Another fun calculation is that due to special relativity, a hard drive that is spinning gains a certain amount of mass due to the rotational kinetic energy and E=mc^2.

Assuming the platter is 100g, 42mm, spinning at 7200RPM, there is about 25J of rotational kinetic energy, whose mass equivalent is 2.8x10^-13g (0.28 femtograms).

Assuming 200 electrons per NAND floating gate with 3bits/cell TLC on a 2TB SSD, there would be 5.3x10^14 electrons, weighing about 0.5 femtograms.

SanjayMehtayesterday at 11:58 PM

Data does have real weight. In one of my early assignments my firmware was too large to fit on one EPROM. Naively I thought the hardware team could just add another EPROM to the board. Turns out while they had left place for another device, it would have exceeded the payload budget by a few grams. Had to go back and reduce the code by a few hundred bytes.

themafiayesterday at 8:47 PM

More appropriately data has a temperature.

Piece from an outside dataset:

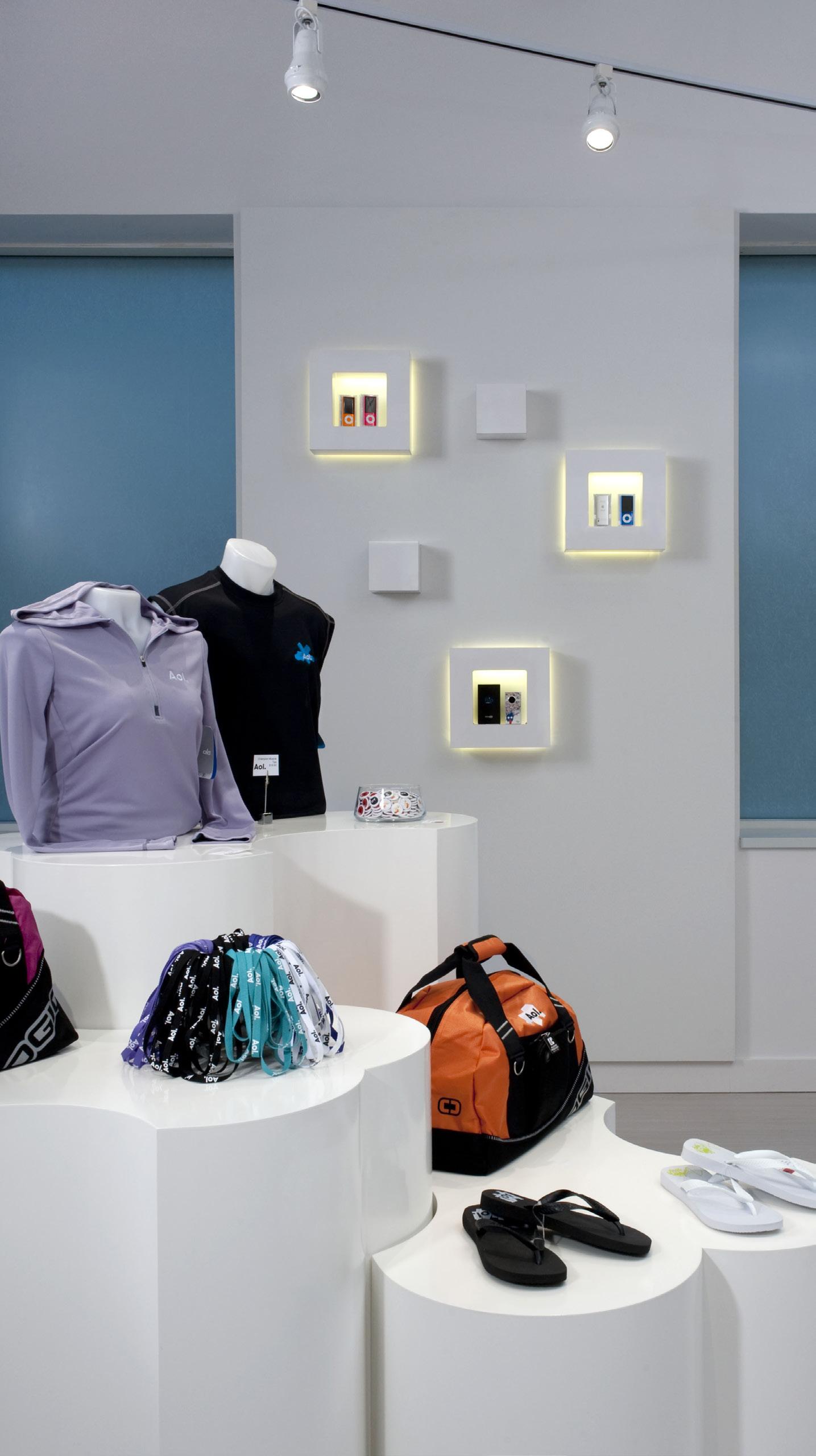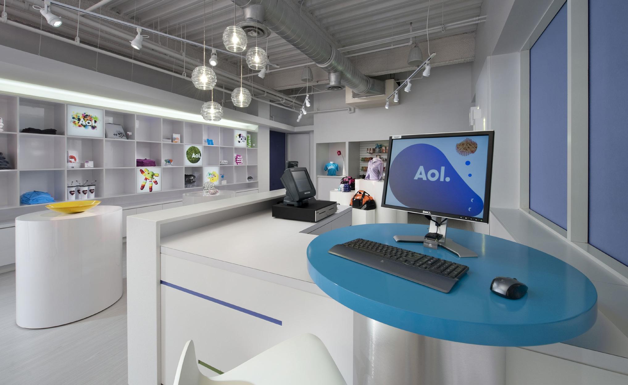Four weeks before AOL’s 25th Anniversary Party, DBI was hired to redesign the AOL Company Store. The goal was to transform the small store, which sold snacks and greeting cards, into a boutique displaying AOL’s branded merchandise for its employees. To reflect AOL’s campaign to refresh its brand and image, the redesigned store features a cutting-edge, contemporary look and style.

https://en.wikipedia.org/wiki/Thermodynamic_beta

1970-01-01yesterday at 10:56 PM

Now do fiber and tell me the relativistic mass of my router so my ISP can charge me an overweight fee.

jmclnxyesterday at 7:26 PM

interesting, I wonder if one can translate this into the amount of data on the drive ? Maybe it does not matter unless one cleared the drive using dd(1).

Also would trimming cause a different value even though the data size remains the same ? I would think so, assuming I understand trim.